At 04:08 PM 12/10/01 +0000, Tony McDonald wrote:
On 10/12/01 2:54 pm, "Phillip J. Eby" <pje@telecommunity.com> wrote:
I'm not sure if this is taken into consideration in your work so far/future plans... but just in case you were unaware, it is not necessary for you to persistently store objects in the ZODB that you intend to index in a ZCatalog. All that is required is that the object to be cataloged is accessible via a URL path. ZSQL methods can be set up to be URL-traversable, and to wrap a class around the returned row. To load the items into the catalog, you can use a PythonScript or similar to loop over a multi-row query, passing the objects directly to the catalog along with a path that matches the one they'll be retrievable from. This approach would eliminate the need for BTreeFolder altogether, although of course it requires access to the RDBMS for retrievals. This should reduce the number of writes and allow for bigger subtransactions in a given quantity of memory.
Gad! - are you saying you don't need to store a 1Mb .doc file into the ZODB, but can still index the thing, store the index information in the Zcatalog (presumably a lot smaller than 1Mb) and have the actual file accessible from a file system URL? If so, that's really neat!

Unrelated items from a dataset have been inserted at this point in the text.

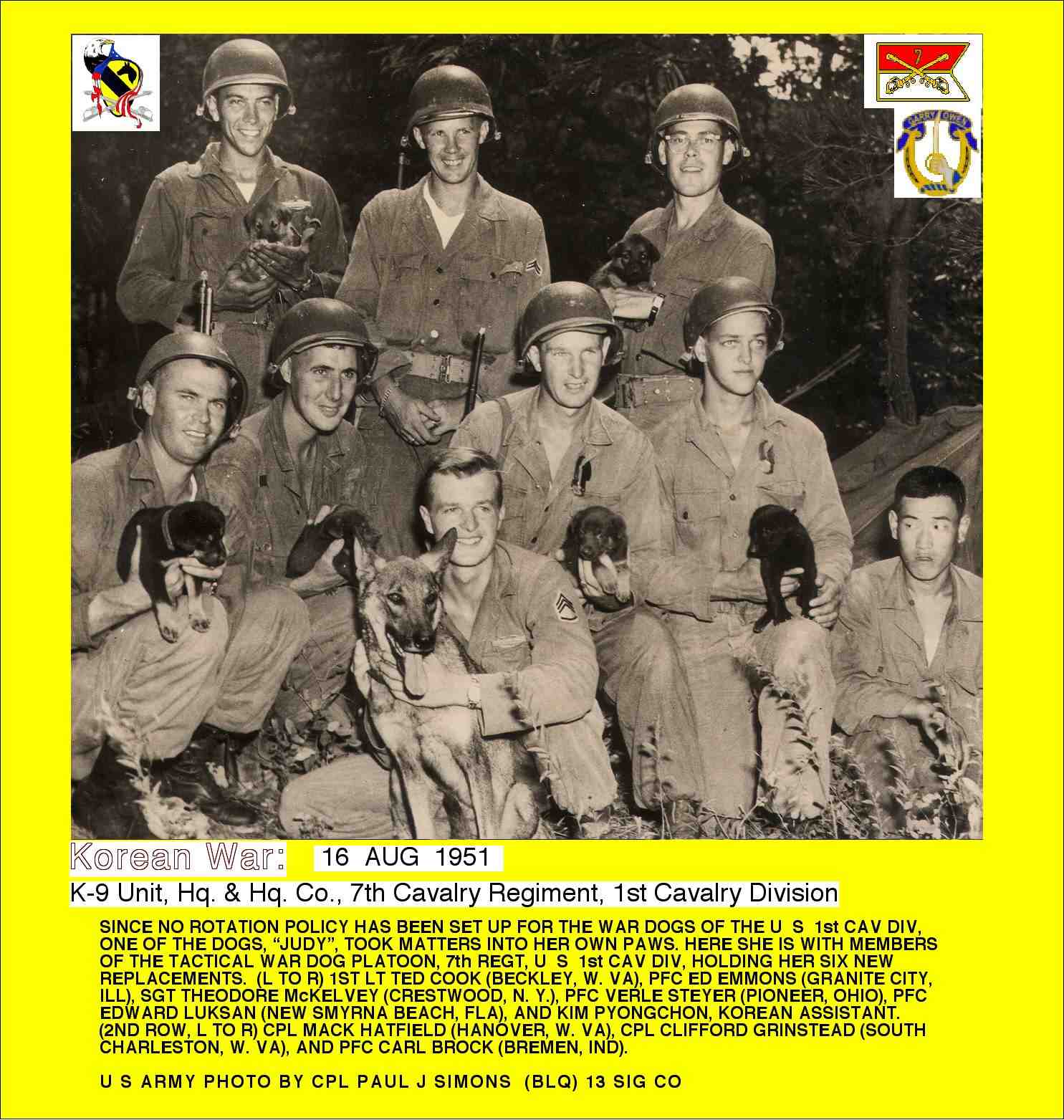 Theodore served as dog handler and eventually was promoted to S/Sgt. when he served as platoon sergeant of his K-9 Unit assigned to the Hq. & Hq. Co., 7th Cavalry Regiment, 1st Cavalry Division. Awarded the Korean Service Medal W/3 Bronze Service Stars and on 8 Jan 1951 received the CIB.
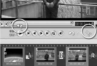 2. 剪辑视频。在视频轨上选取需要编辑的视频文件,使它成为红色边框编辑状态,然后拖动预览窗口下面的飞梭手柄,找到你要分割的帧幅(如果手拖不好控制,还可以用下面的逐帧按钮微调),确定后,点击右边那把剪刀(图8),这样就把刚才的视频素材剪成两段。
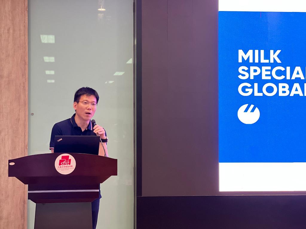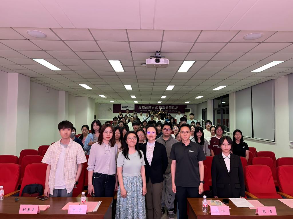 近日,第七届“乳此美味杯”食品创意大赛宣讲会在江南大学举办。美国乳品出口协会代表苏畅,美国Actus Nutrition公司业务发展经理张勇,食品学院党委副书记兼副院长李雷,乳品创新中心刘小鸣、刘要卫、刘若男以及100余名学子出席宣讲会。
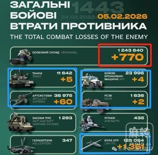 过去24小时,前线发生133次战斗,俄军损失新增770人,代价继续走高。
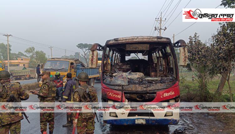 কুমিল্লার বুড়িচং উপজেলার ঢাকা-চট্টগ্রাম মহাসড়কে বাসচাপায় এক পথচারীর মৃত্যুর ঘটনায় উত্তেজিত জনতা একটি যাত্রীবাহী বাসে আগুন দিয়েছে।
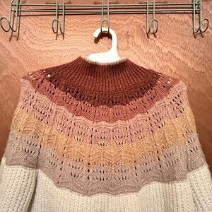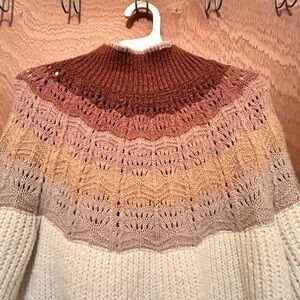 Cozy knit sweater with a stylish turtleneck. Features cream and brown tones. Perfect for cool weather.
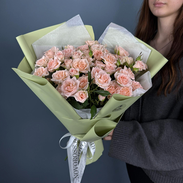 Нежно-кремовые бутоны с лёгким персиковым оттенком раскрывают свою прелесть постепенно, радуя свежестью и объёмом. Идеальный подарок на любой праздник.
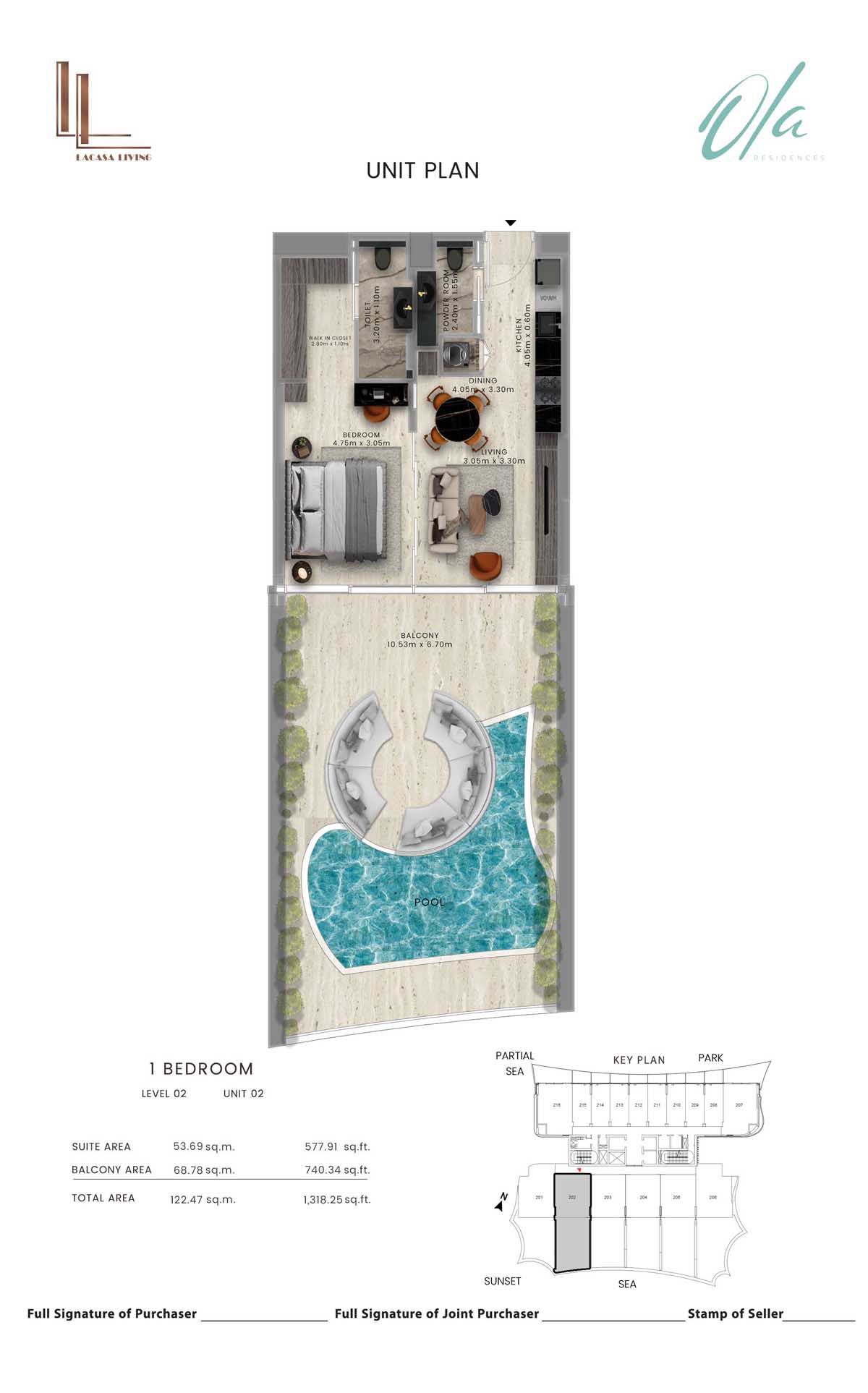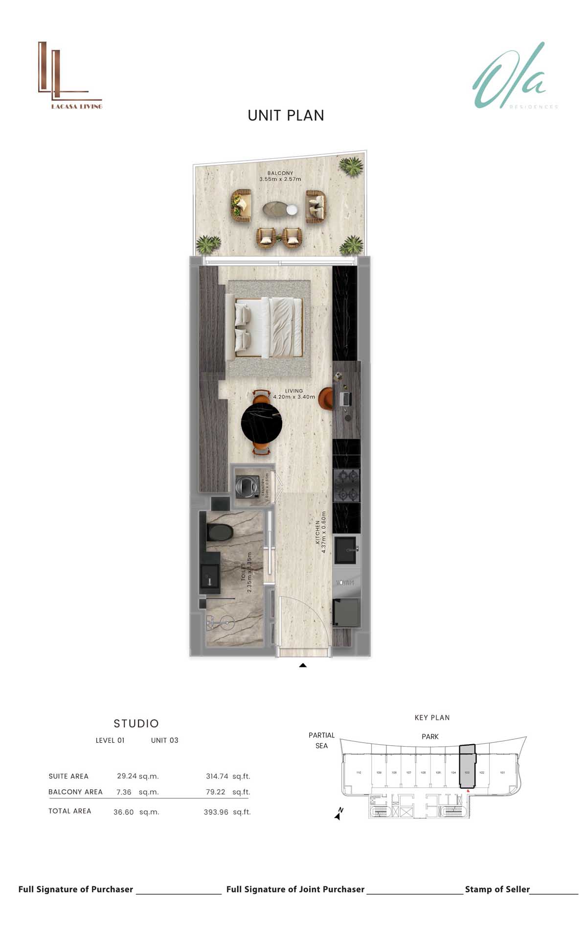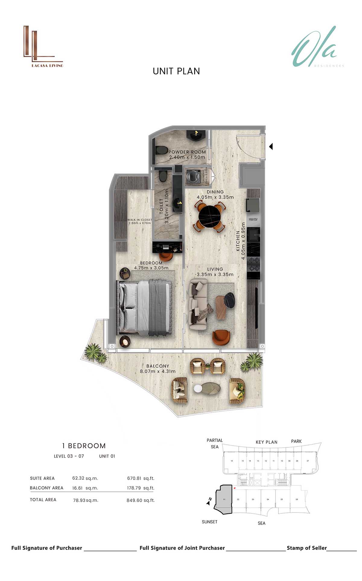 Ola Residences offers a variety of floor plans to cater to diverse preferences and lifestyles with premium selection of apartments. The open-plan designs seamlessly connect living, dining, and kitchen areas, creating an inviting atmosphere for families and individuals alike. Large windows and balconies in every unit enhance the living experience by providing panoramic views of the surrounding waterfront and landscape. High-quality finishes and premium materials are evident in every detail, ensuring a sophisticated and enduring living space.
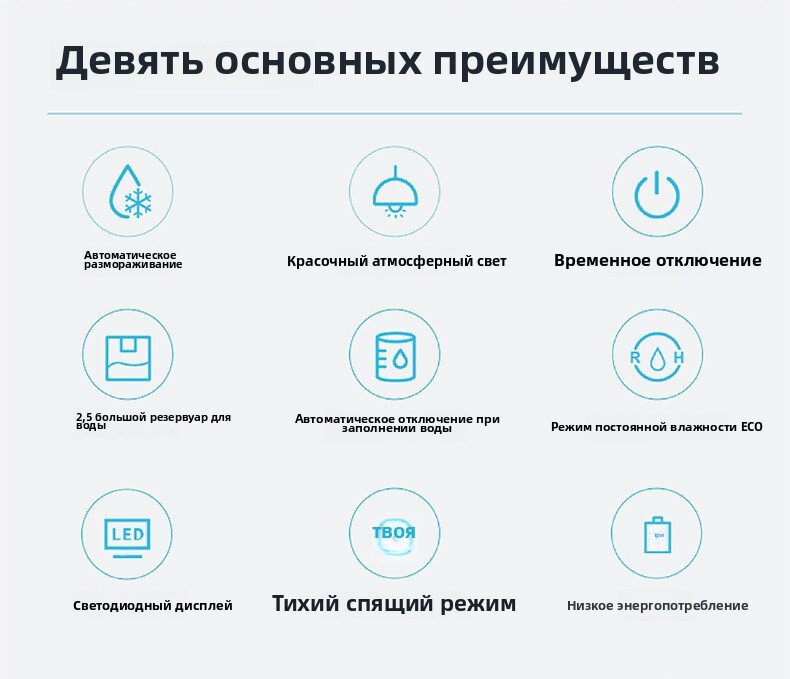 | Индикация | заданного уровня влажности / режима работы / текущего уровня влажности / температуры |
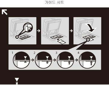 표시와 가이드 용지의 표시를 정렬하고 → [스캔시작]을 누릅니다.참고 |
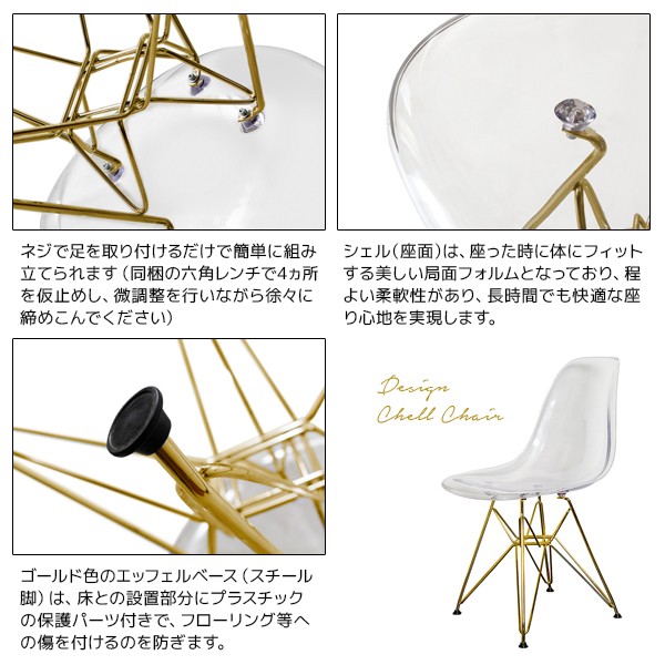 つい目を引いてしまうようなクリアタイプのシェルチェア。
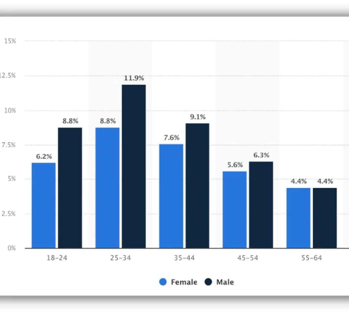 Ngược lại, TikTok chủ yếu tập trung vào thế hệ trẻ, tạo nên một nhóm đối tượng mục tiêu đặc biệt cho doanh nghiệp. Với độ tuổi 18-24 chiếm 15% và độ tuổi 25-34 chiếm 20,7% người sử dụng TikTok, nền tảng này là một lựa chọn hấp dẫn đối với những doanh nghiệp muốn tận dụng nhóm đối tượng năng động và sáng tạo này.
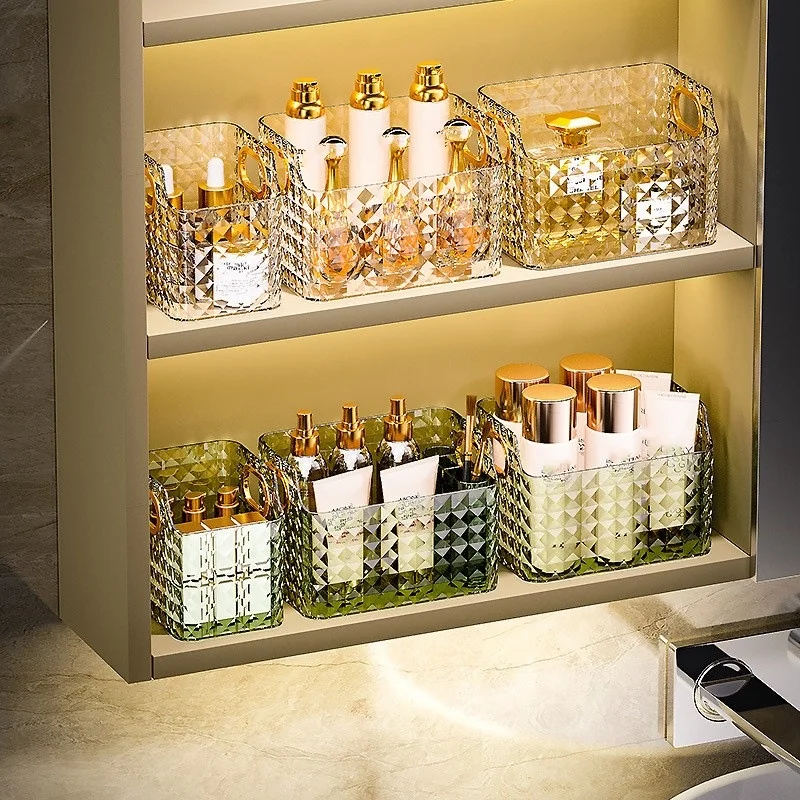 2. Design: This storage box adopts a translucent design, so you can clearly see the items in the box and find their storage location, saving the trouble of searching. There are two luxurious gold edge handles on the side, which can be moved at will.
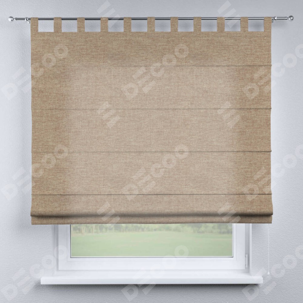Римская штора производителя «Cortin», используется для проёма, пошита из ткани лён кашемир коричневый, артикул ткани 21614. Данная модель пошита на петлях, комплектуется на выбор круглым карнизом и подходит для монтажа на стену. Римская штора на петлях имеет простую систему регулировки высоты, отличительным преимуществом данной модели является простой способ монтажа. Достаточно повесить ее на трубу и штора готова!
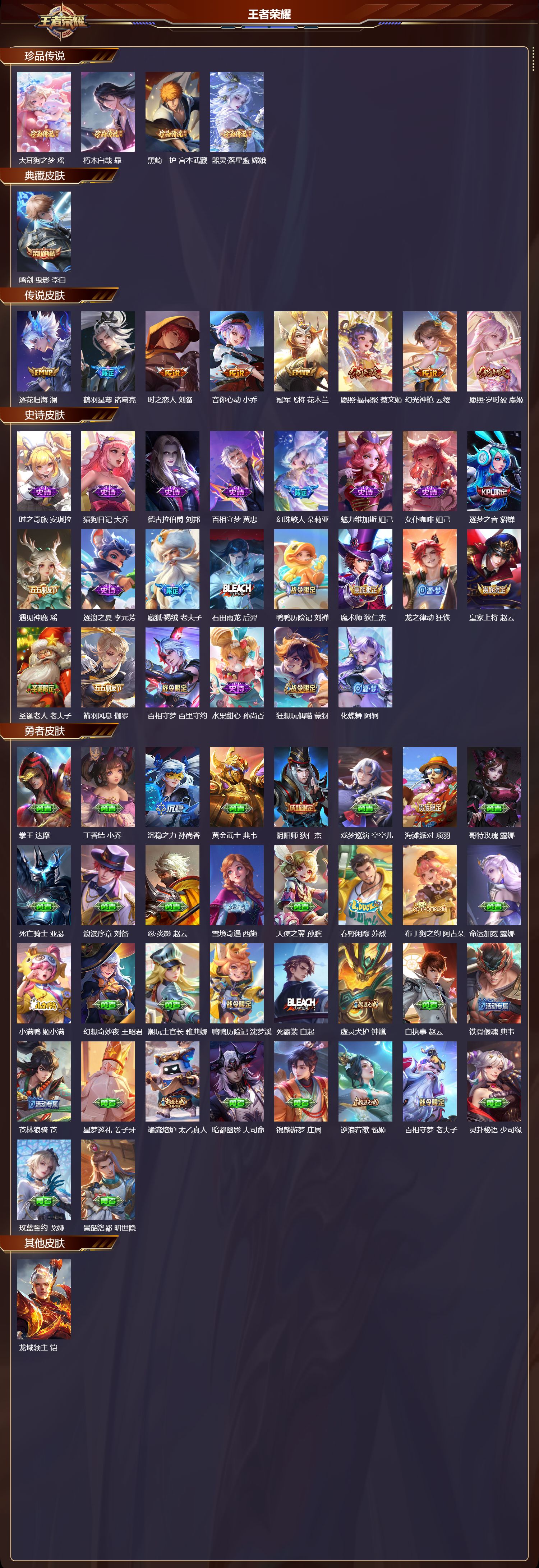 _2115781-q/至尊星耀/70皮肤/60英雄/1典藏/0珍品无双/0无双/4珍品传说/8传说/22史诗/2稀有英雄 【4珍品传说】大耳狗之梦瑶朽木白哉暃黑崎一护宫本武藏器灵·落星盏嫦娥 【1典藏皮肤】鸣剑·曳影李白 【8传说皮肤】逐花归海澜鹤羽星尊诸葛亮时之恋人刘备音你心动小乔冠军飞将花木兰愿照·福禄聚蔡文姬幻光神呛云缨愿照·岁时盈虞姬 【22史诗皮肤】时之奇旅安琪拉猫狗日记大乔德古拉伯爵刘邦百相守梦黄忠幻珠鲛人朵莉亚魅力维加斯妲己女仆咖啡妲己逐梦之音貂蝉遇见神鹿瑶逐浪之夏李元芳藏狐·褐绒老夫子石田雨龙后羿鸭鸭历险记刘禅魔术师狄仁杰龙之律动狂铁皇家上将赵云圣诞老人老夫子箭羽风息伽罗百相守梦百里守约水果甜心孙尚香狂想玩偶喵蒙犽化蝶舞阿轲 【34勇者皮肤】拳王达摩丁香结小乔沉稳之力孙尚香黄金武士典韦阴阳师狄仁杰戏梦巡演空空儿海滩派对项羽哥特玫瑰露娜死亡骑士亚瑟浪漫序章刘备忍·炎影赵云雪境奇遇西施天使之翼孙膑春野闲踪苏烈布丁狗之约阿古朵命运加冕露娜小满鸭姬小满幻想奇妙夜王昭君潮玩士官长雅典娜鸭鸭历险记沈梦溪死霸装白起虚灵犬护钟馗白执事赵云铁骨偃魂典韦苍林狼骑苍星梦巡礼姜子牙谧流熔炉太乙真人暗都幽影大司命锦麟游梦庄周逆浪荇歌甄姬百相守梦老夫子灵卦秘语少司缘玫蓝誓约戈娅景韶洛都明世隐 【6其他皮肤】龙域领主铠幻珠鲛人朵莉亚大耳狗之梦瑶朽木白哉暃黑崎一护宫本武藏器灵·落星盏嫦娥 【2稀有英雄】娜可露露赵云 营地id:1613357936

Yep. By "URL path", though, I meant a *Zope* path. However it would be straightforward to create a Zope object that represents a filesystem path and does traversal/retrieval, assuming that one of the 'FS'-products out there doesn't already do this for you. Chris Withers has pointed out that technically you don't even need the path string to be valid, it just has to be unique. However, the standard tools and the method for getting the "real object" referred to by the catalog record do expect it to be a valid path IIRC. I personally find it most convenient, therefore, to use a real Zope path.